荀彧や郭嘉も目じゃないくらいの類稀な幅広い才能を持った非常に優秀な文官であり、その文才も一目見ただけで名作ととらえられるほどのものであったといわれ、しかも、三国志一の毒舌家で他者をゴミ扱いする事で有名な禰衡も彼の文章を一目見ただけでその天才ぶりを大絶賛したほどであった。山積みになっていた軍事や内政の課題を激務ながら「いなした」ことで曹操に気に入られ、楊脩と親交を結ぼうとする者も後を絶たないほどの人気者であったが、楊脩自身は特に曹植と友好的だった。

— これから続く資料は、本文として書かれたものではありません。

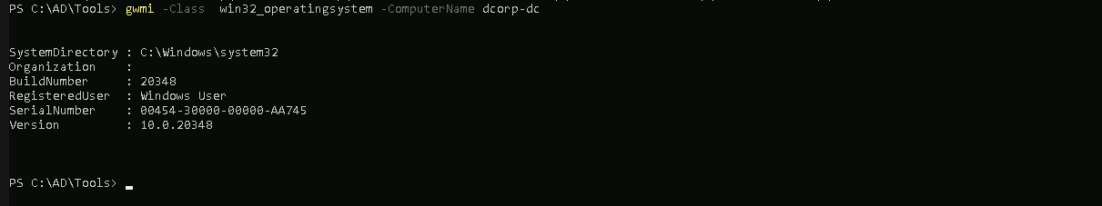gwmi -Class win32_operatingsystem -ComputerName dcorp-dc
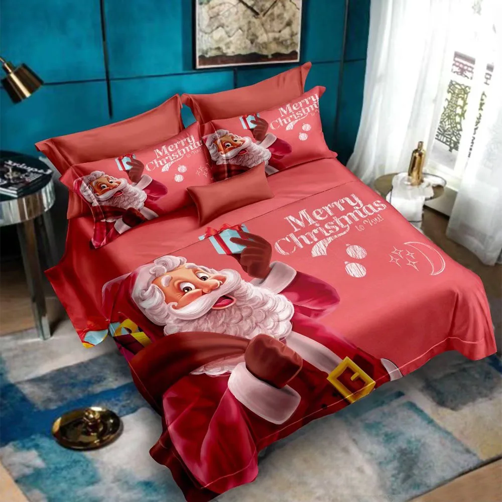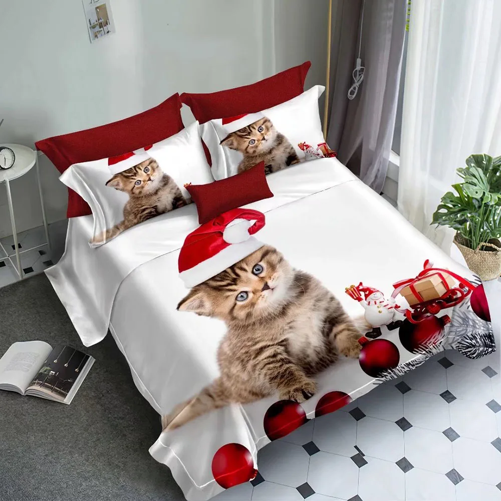 Digital Printed Bed Sheets Microfiber Bedsheet Cute Animal Dog Queen Size Christmas Bedding Cover 3D Set

しかし、曹操に愛されたその才能も次第に危険視され、悲劇的な結末を迎えることは知る由もなかった。建安24年(219年)、曹操の後継者争いの傍ら、曹操は漢中にて劉備との持久戦が続き、曹操が上の空で言った「鶏肋」という言葉を聞き取った楊脩は、「鶏肋(鶏のあばら骨)は食べても腹の足しになるほど肉がついてないが、かといって捨てがたい」、つまり、「漢中は惜しいが、今こそ撤退するのがベスト」という意味だと解き、兵たちに撤退の準備を命じ、同年の夏5月に曹操はそのとおりに撤退した。
上記の鶏肋の件が災いしてか、同年秋に処刑された。
楊脩が処刑された理由は、様々な考察がなされており、はっきりとはしていない。
曹操を悪役として描いているためか、劉備との漢中での持久戦で夏侯惇が曹操に指示を受けに来た際、曹操が途方に暮れながら鶏のスープを食していた際、「鶏肋だ(ないしは「鶏のあばら骨だ」)」と言ったのをそれが命令だと勘違いして兵に「皆の者、鶏肋だ」と伝令してしまう。「鶏肋」と言われても兵士たちは分かるはずもなく、そこで楊脩が読み取り、史実のように撤退の準備を進めていた。しかし、曹操は「鶏肋は撤退の意味ではない!」と怒り、楊脩は処刑されてしまう。しかし、そのまま劉備に攻め入っても長い戦いによる兵士たちの疲弊により損害を多く出してしまった上に曹操自身も怪我を負ってしまい、「楊脩の言うとおりにしていれば……」と後悔し、処刑した楊脩の遺体は丁寧に埋葬された。
基本的な立ち位置は演義および吉川英治による小説と同じだが、自身の才能を鼻にかける嫌味な性格であり、曹操からも嫌われている。最期の描写も演義と同じ。